• [What you will do]: Copy out nothing but the lines from the one holding "PDF French Pattern" through the end of the entries below, exactly as written and without the pictures.

Records from a data source
□ □ □ □ □ □ □
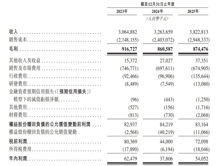 财务弘扬方面,公司呈现营收捏续增长、利润波动调治的态势。2023年至2025年,公司营收分歧达30.65亿元、32.64亿元、38.23亿元,三年营收稳步攀升。但同期净利润出现波动,分歧为6247.9万元、3780.6万元、5405.2万元,波动主要源于权柄股份赎回欠债公允价值变动的影响。
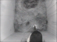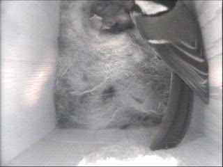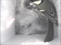 Blue Tit Ways explains that our nest box was adopted by a bird which layed 7 eggs. It sat on them for two weeks day and night with only short breaks until one day, early in the morning, it disappeared. A nest without a bird is very concerning when you are used to it always being there filling your screen!
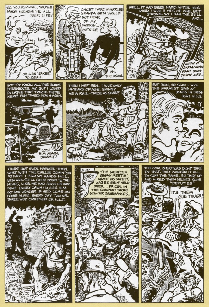 Originally published in Wimmen’s Comix no. 7 (Dec. 1976, Last Gasp). This is underground storytelling at its finest: uncompromising, political, passionate, personal, at once witty, moving and instructive. And that whole gamut gets run through in a mere four beautifully-drawn, expertly-paced pages.
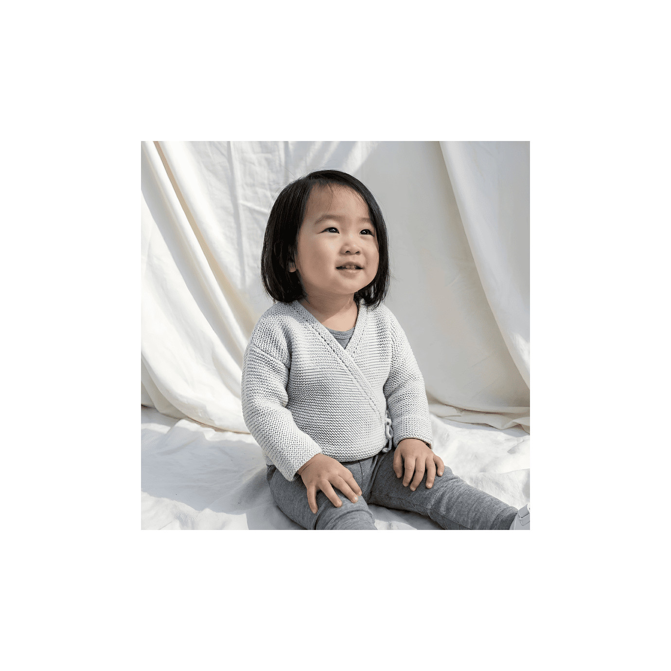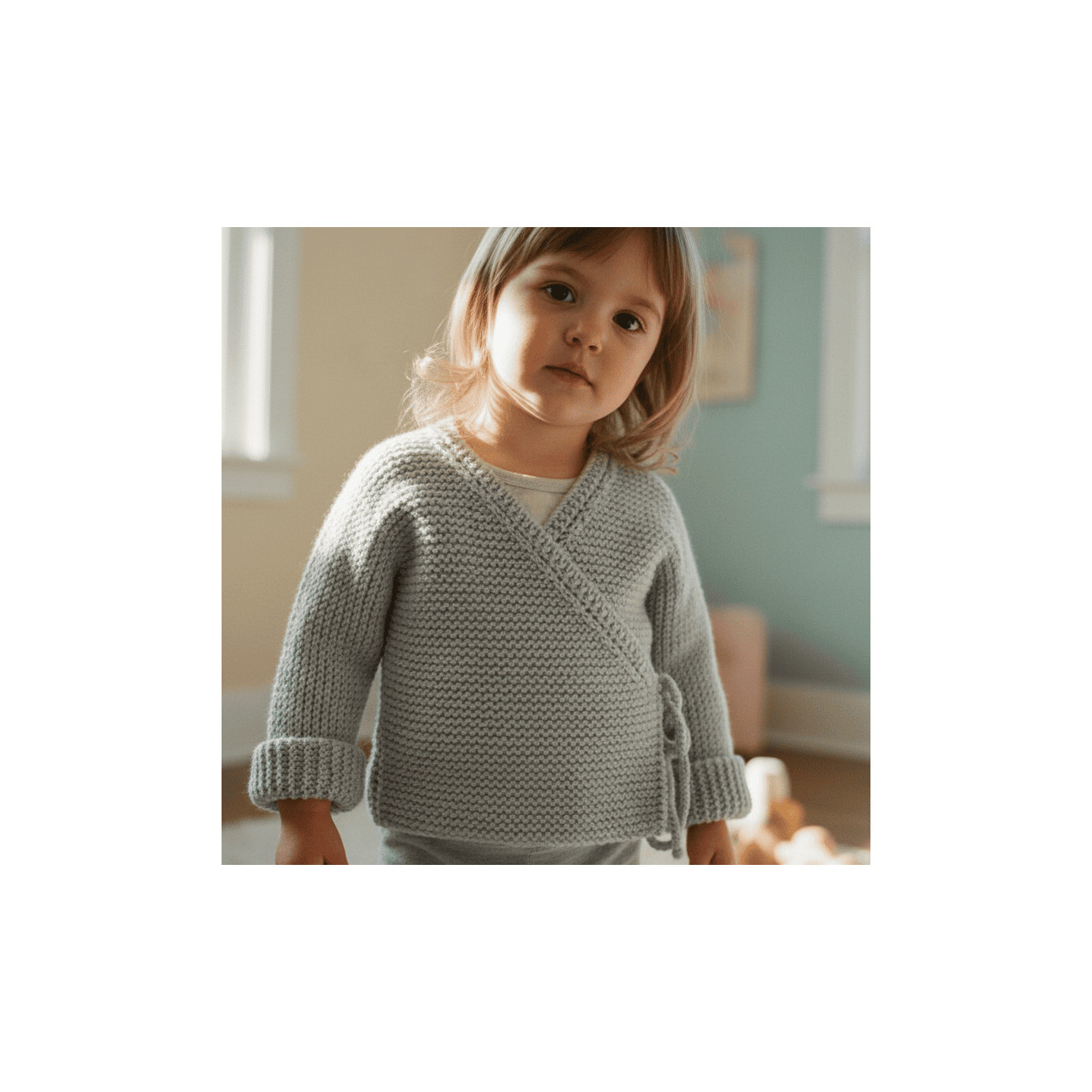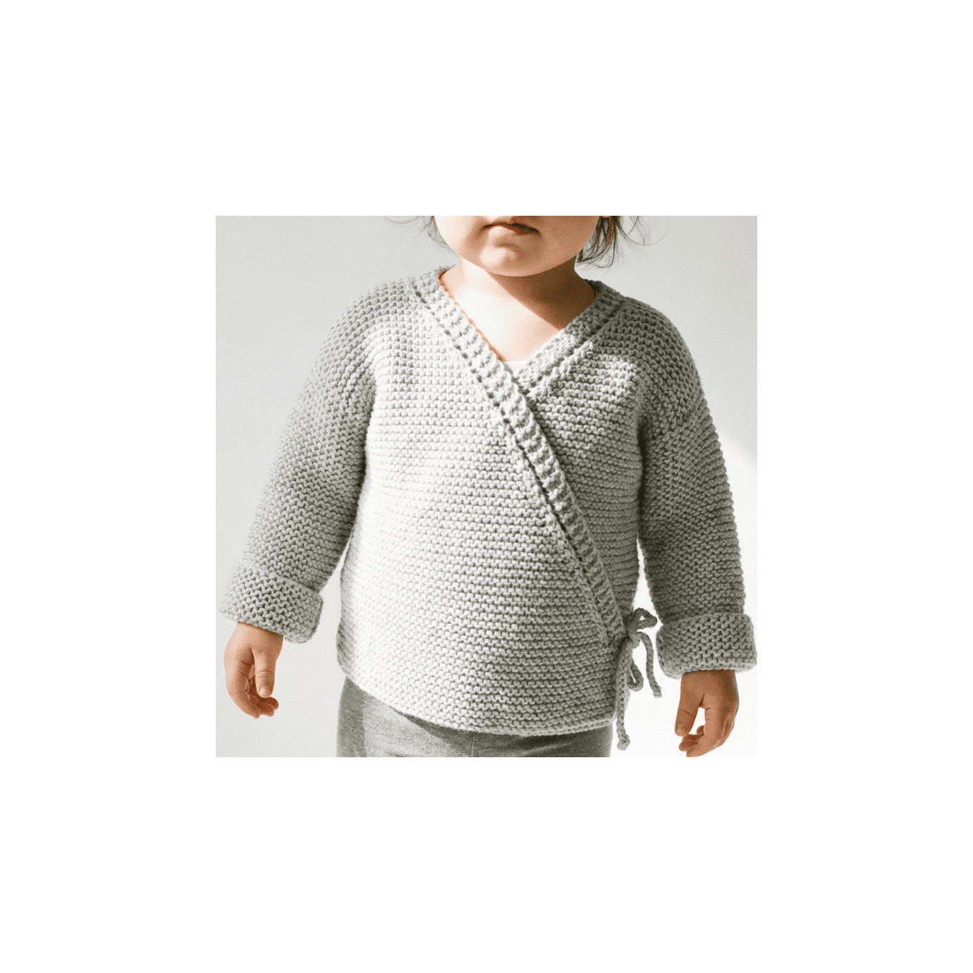 PDF French Pattern for the cardigan for babies, in a light brown color in garter stitch to be made with 100% merino yarn, for a good regulation of the newborn's body temperature. The cardigan wraps around and closes with a nice knot. Ideal for maternity, with almost no seams for maximum comfort of the baby.
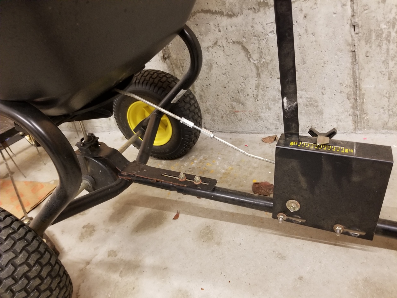 Opening the spreader now requires more movement but leaves more adjustment range. It's also easier to reach the control handle from the tractor seat. TBD if it was actually worth the effort.
□ □ □ □ □ □ □
• [Your solution]:
 PDF French Pattern for the cardigan for babies, in a light brown color in garter stitch to be made with 100% merino yarn, for a good regulation of the newborn's body temperature. The cardigan wraps around and closes with a nice knot. Ideal for maternity, with almost no seams for maximum comfort of the baby.
 Opening the spreader now requires more movement but leaves more adjustment range. It's also easier to reach the control handle from the tractor seat. TBD if it was actually worth the effort.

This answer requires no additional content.